Exercise data >>
________________________________________
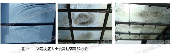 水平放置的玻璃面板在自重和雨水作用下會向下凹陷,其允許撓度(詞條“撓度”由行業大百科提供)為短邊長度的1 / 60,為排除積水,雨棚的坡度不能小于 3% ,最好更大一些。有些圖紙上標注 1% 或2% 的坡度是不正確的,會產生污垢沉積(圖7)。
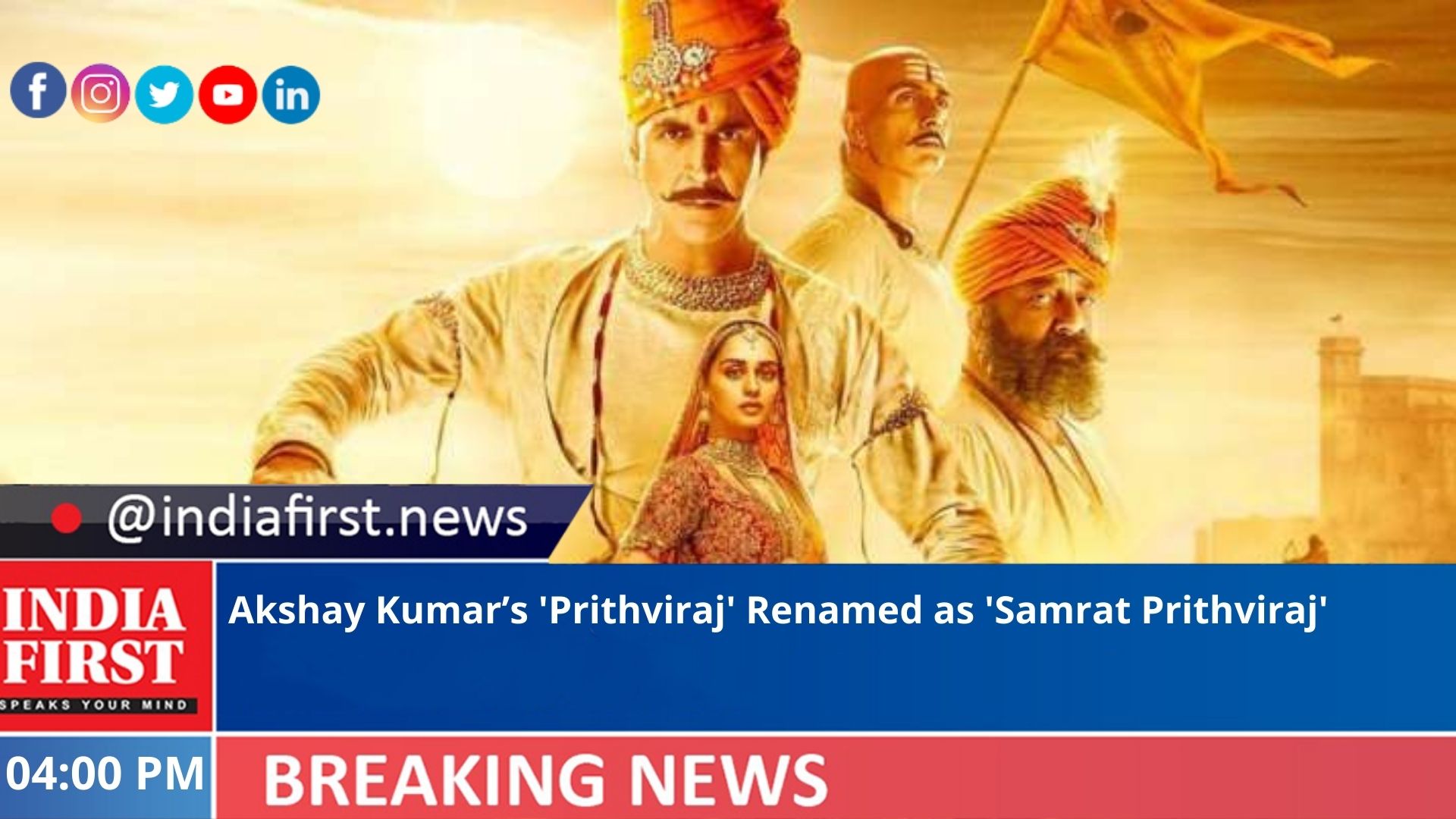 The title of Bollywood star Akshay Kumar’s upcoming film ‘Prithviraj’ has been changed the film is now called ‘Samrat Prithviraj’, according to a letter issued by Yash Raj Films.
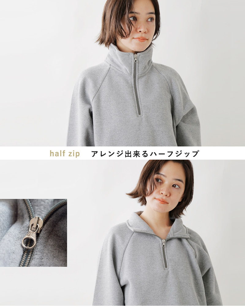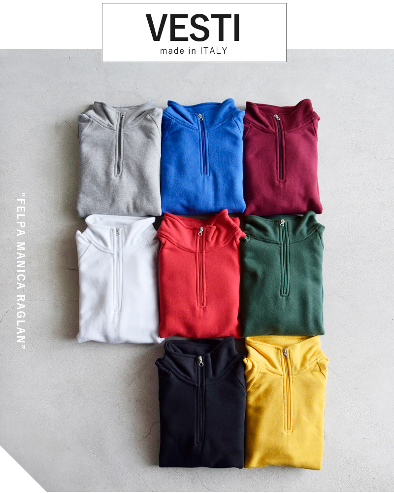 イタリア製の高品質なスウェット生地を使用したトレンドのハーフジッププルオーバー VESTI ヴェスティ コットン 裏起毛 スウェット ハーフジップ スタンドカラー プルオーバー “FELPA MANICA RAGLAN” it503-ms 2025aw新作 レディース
________________________________________
What is needed >>
Pictures excluded, copy the lines exactly from where the material starts to the line with "The title of", inclusive.

Task result >>
 水平放置的玻璃面板在自重和雨水作用下會向下凹陷,其允許撓度(詞條“撓度”由行業大百科提供)為短邊長度的1 / 60,為排除積水,雨棚的坡度不能小于 3% ,最好更大一些。有些圖紙上標注 1% 或2% 的坡度是不正確的,會產生污垢沉積(圖7)。
 The title of Bollywood star Akshay Kumar’s upcoming film ‘Prithviraj’ has been changed the film is now called ‘Samrat Prithviraj’, according to a letter issued by Yash Raj Films.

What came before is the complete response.